** INPUT MATERIAL **

________

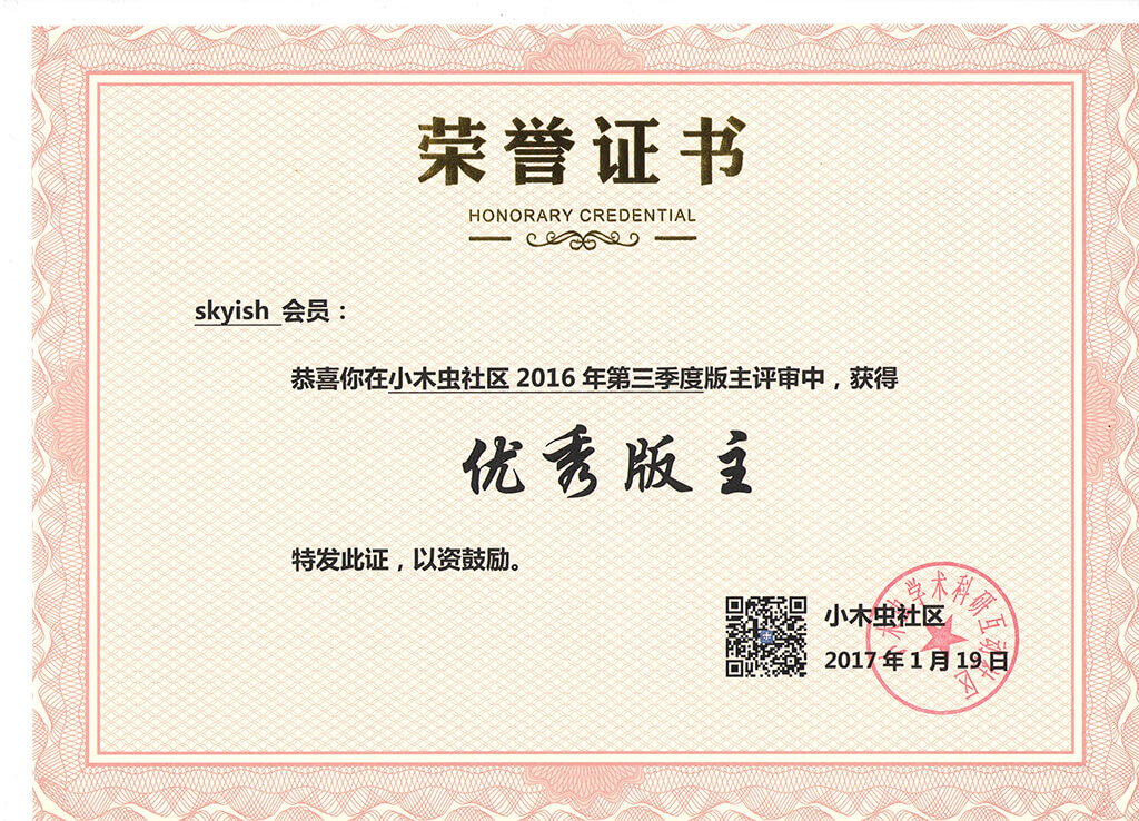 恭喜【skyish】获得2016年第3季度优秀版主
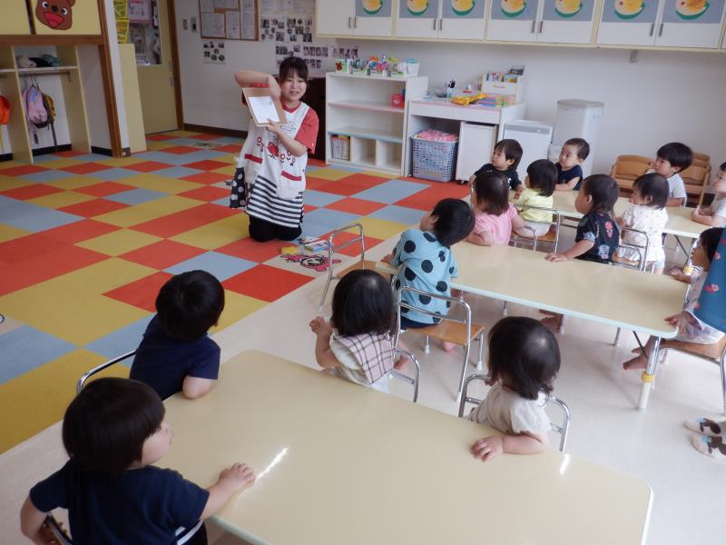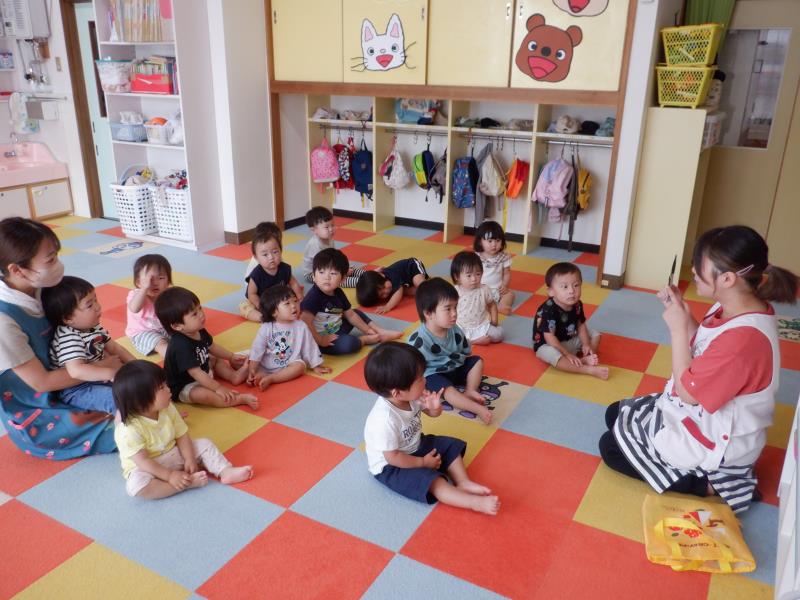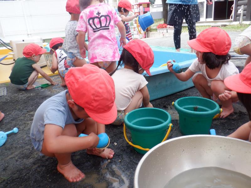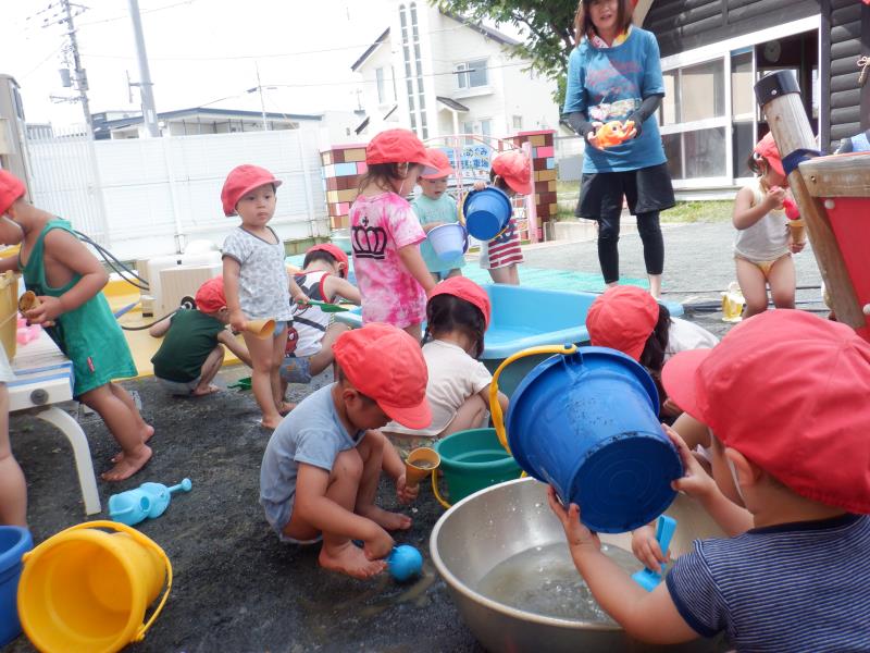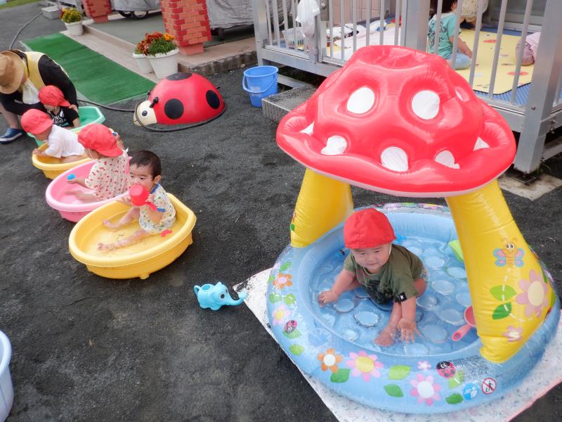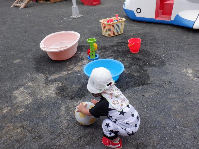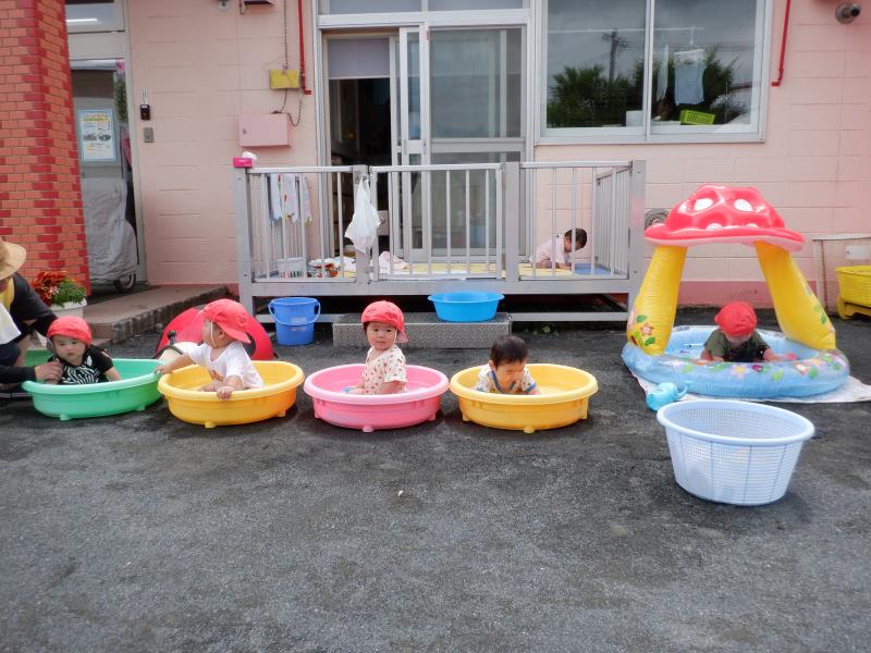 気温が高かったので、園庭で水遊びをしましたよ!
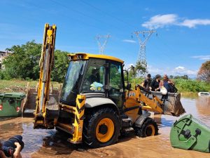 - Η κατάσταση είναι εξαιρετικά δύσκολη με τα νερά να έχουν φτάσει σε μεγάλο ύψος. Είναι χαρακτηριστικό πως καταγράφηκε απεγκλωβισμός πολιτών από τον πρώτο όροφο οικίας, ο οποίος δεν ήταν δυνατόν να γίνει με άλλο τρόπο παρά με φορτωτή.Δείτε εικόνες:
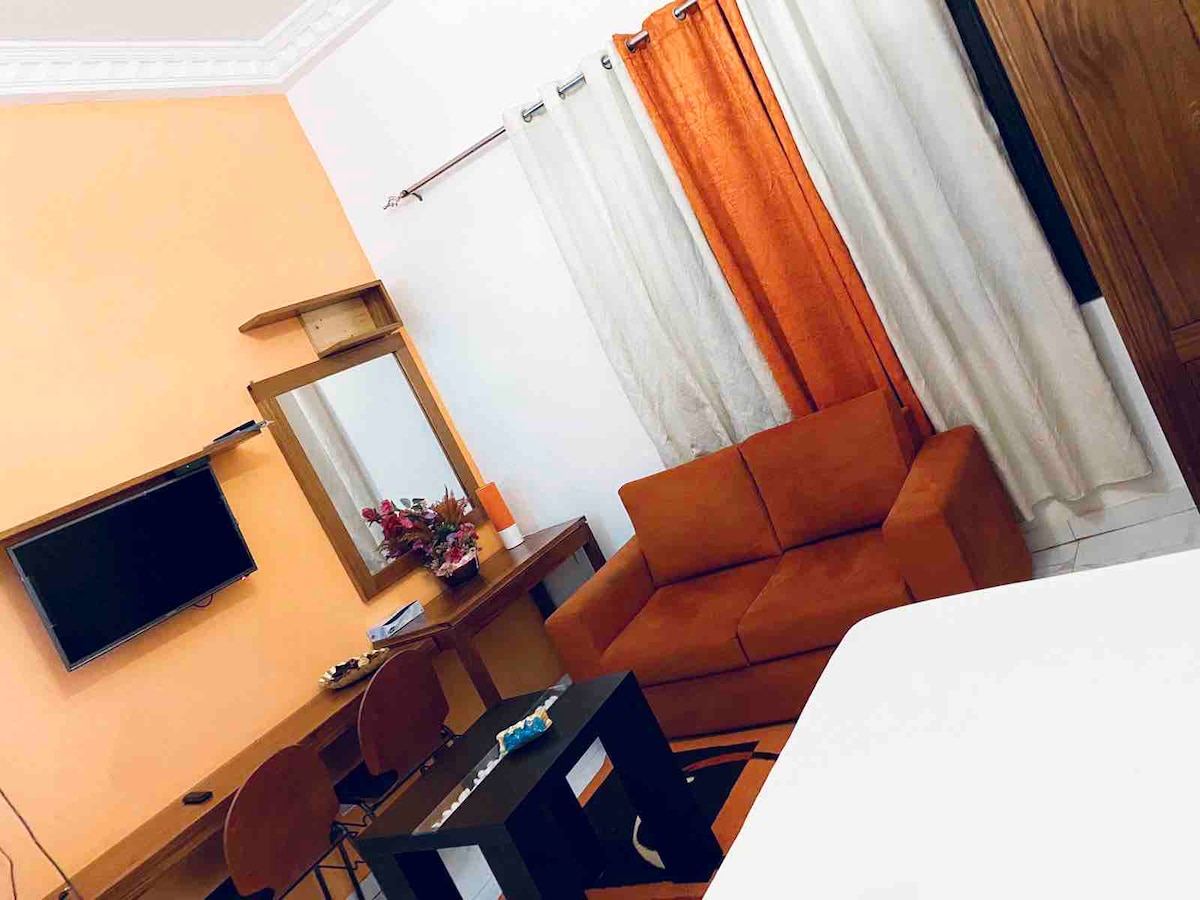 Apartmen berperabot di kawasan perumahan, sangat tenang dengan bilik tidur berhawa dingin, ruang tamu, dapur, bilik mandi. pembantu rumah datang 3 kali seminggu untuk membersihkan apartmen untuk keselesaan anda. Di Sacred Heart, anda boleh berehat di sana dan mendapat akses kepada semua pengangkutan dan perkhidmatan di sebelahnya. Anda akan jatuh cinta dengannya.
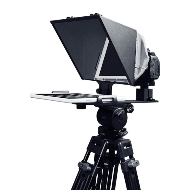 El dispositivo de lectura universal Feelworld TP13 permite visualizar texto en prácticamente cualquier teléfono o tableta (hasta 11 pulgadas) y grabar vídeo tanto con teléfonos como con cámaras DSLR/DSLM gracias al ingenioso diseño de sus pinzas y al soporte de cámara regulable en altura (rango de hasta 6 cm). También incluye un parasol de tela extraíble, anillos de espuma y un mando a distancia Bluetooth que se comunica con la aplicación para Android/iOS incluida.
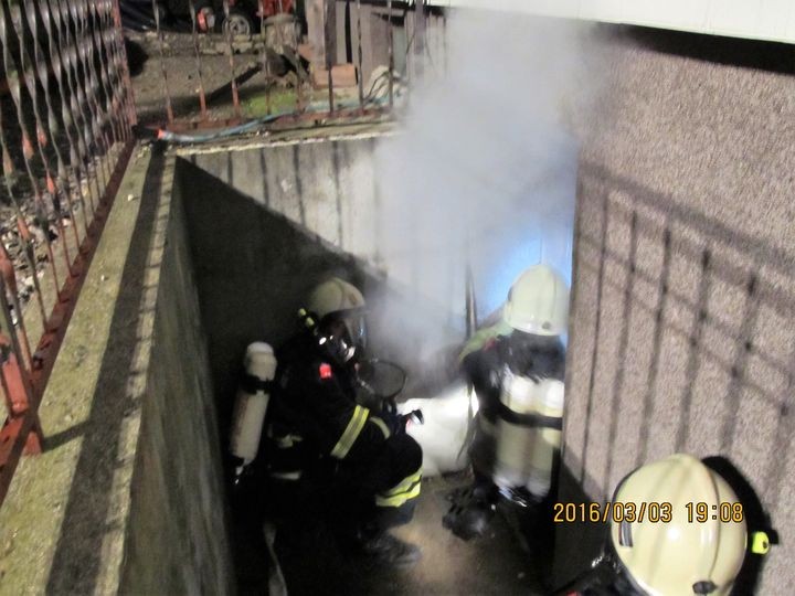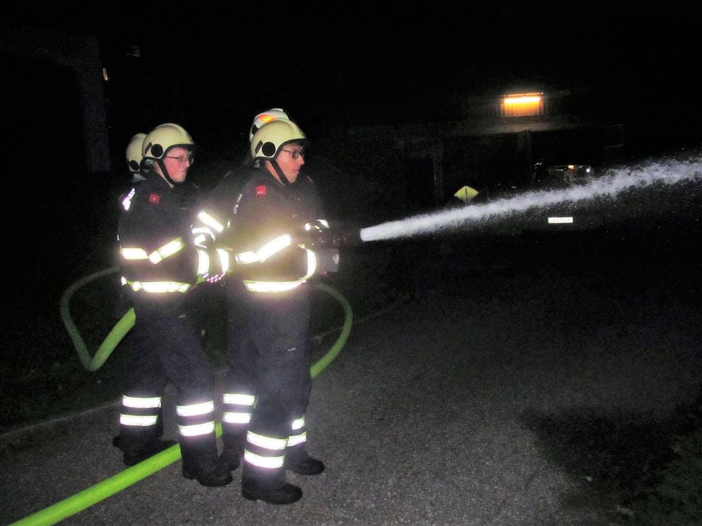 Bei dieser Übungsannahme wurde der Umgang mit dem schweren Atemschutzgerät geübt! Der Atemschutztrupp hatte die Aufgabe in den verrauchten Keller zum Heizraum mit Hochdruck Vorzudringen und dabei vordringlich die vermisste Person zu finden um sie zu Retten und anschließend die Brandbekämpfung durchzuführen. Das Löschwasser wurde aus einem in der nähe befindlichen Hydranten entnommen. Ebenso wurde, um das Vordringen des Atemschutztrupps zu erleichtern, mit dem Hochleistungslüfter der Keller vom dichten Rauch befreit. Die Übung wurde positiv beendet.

________

Please print, exactly as given, the lines running from the beginning of the listing through the line containing "- Η κατάσταση", omitting each picture.

** SOLUTION FOR THIS EXERCISE **
 恭喜【skyish】获得2016年第3季度优秀版主
 気温が高かったので、園庭で水遊びをしましたよ!
 - Η κατάσταση είναι εξαιρετικά δύσκολη με τα νερά να έχουν φτάσει σε μεγάλο ύψος. Είναι χαρακτηριστικό πως καταγράφηκε απεγκλωβισμός πολιτών από τον πρώτο όροφο οικίας, ο οποίος δεν ήταν δυνατόν να γίνει με άλλο τρόπο παρά με φορτωτή.Δείτε εικόνες:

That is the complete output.